● What the task requires:
Please take the lines from the one holding "FreshDrinkUS Premium 120" through the one holding "Appartement de deux" in the data below and copy them exactly.

● Source data:
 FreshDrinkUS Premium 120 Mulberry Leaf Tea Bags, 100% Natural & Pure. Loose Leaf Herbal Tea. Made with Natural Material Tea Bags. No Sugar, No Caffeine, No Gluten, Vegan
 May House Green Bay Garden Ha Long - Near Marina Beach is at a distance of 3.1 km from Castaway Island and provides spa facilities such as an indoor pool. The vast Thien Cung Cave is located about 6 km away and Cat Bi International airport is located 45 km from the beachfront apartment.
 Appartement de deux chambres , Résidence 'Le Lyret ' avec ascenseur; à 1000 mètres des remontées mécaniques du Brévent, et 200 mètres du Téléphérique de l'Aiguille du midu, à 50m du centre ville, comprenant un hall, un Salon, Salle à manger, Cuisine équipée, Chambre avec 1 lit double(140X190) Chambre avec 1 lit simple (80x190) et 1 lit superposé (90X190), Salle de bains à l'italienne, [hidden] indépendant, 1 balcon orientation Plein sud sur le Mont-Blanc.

==

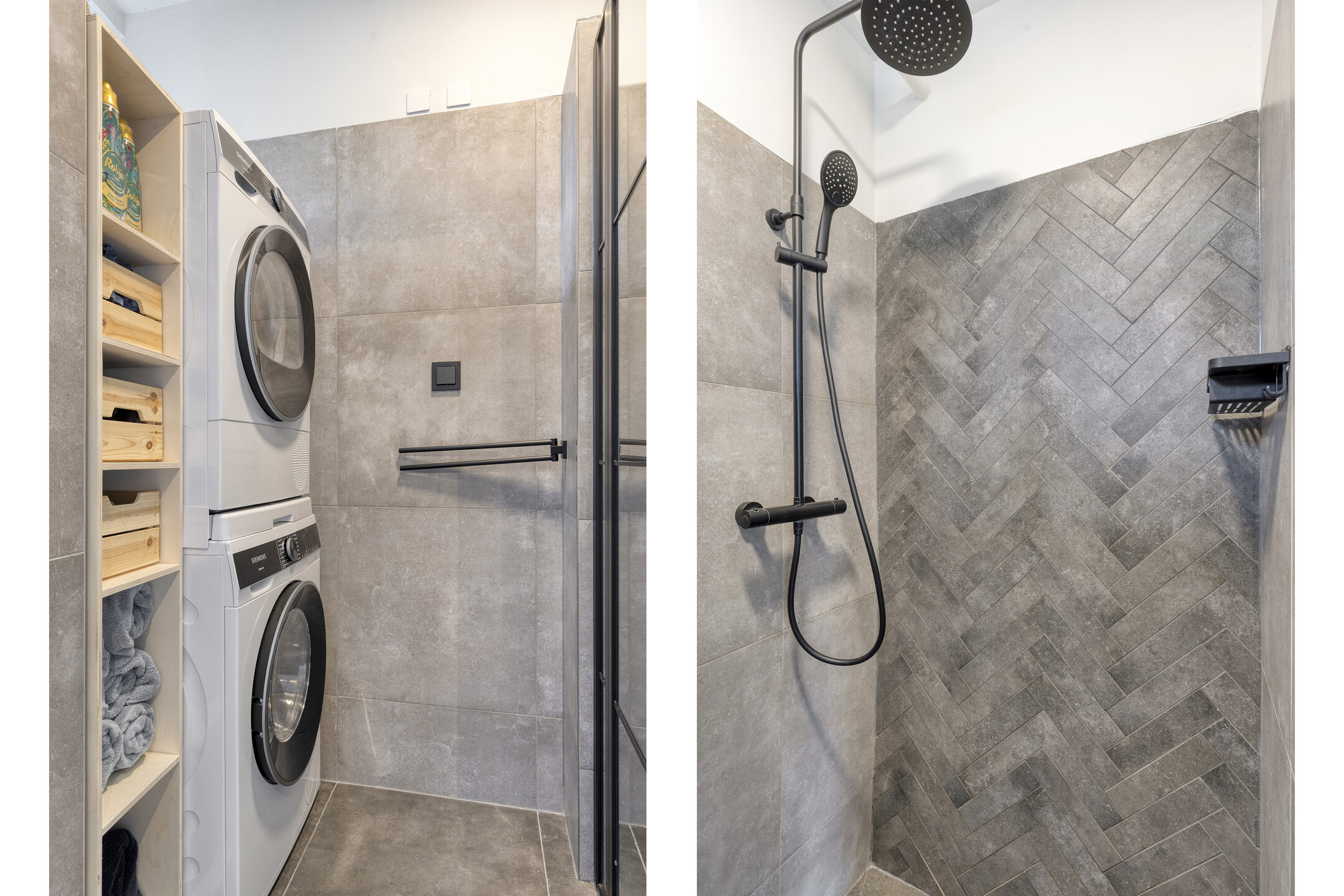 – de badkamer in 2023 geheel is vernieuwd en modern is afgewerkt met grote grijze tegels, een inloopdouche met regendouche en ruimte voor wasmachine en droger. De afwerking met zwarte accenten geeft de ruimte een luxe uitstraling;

● Result of the exercise:
 FreshDrinkUS Premium 120 Mulberry Leaf Tea Bags, 100% Natural & Pure. Loose Leaf Herbal Tea. Made with Natural Material Tea Bags. No Sugar, No Caffeine, No Gluten, Vegan
 May House Green Bay Garden Ha Long - Near Marina Beach is at a distance of 3.1 km from Castaway Island and provides spa facilities such as an indoor pool. The vast Thien Cung Cave is located about 6 km away and Cat Bi International airport is located 45 km from the beachfront apartment.
 Appartement de deux chambres , Résidence 'Le Lyret ' avec ascenseur; à 1000 mètres des remontées mécaniques du Brévent, et 200 mètres du Téléphérique de l'Aiguille du midu, à 50m du centre ville, comprenant un hall, un Salon, Salle à manger, Cuisine équipée, Chambre avec 1 lit double(140X190) Chambre avec 1 lit simple (80x190) et 1 lit superposé (90X190), Salle de bains à l'italienne, [hidden] indépendant, 1 balcon orientation Plein sud sur le Mont-Blanc.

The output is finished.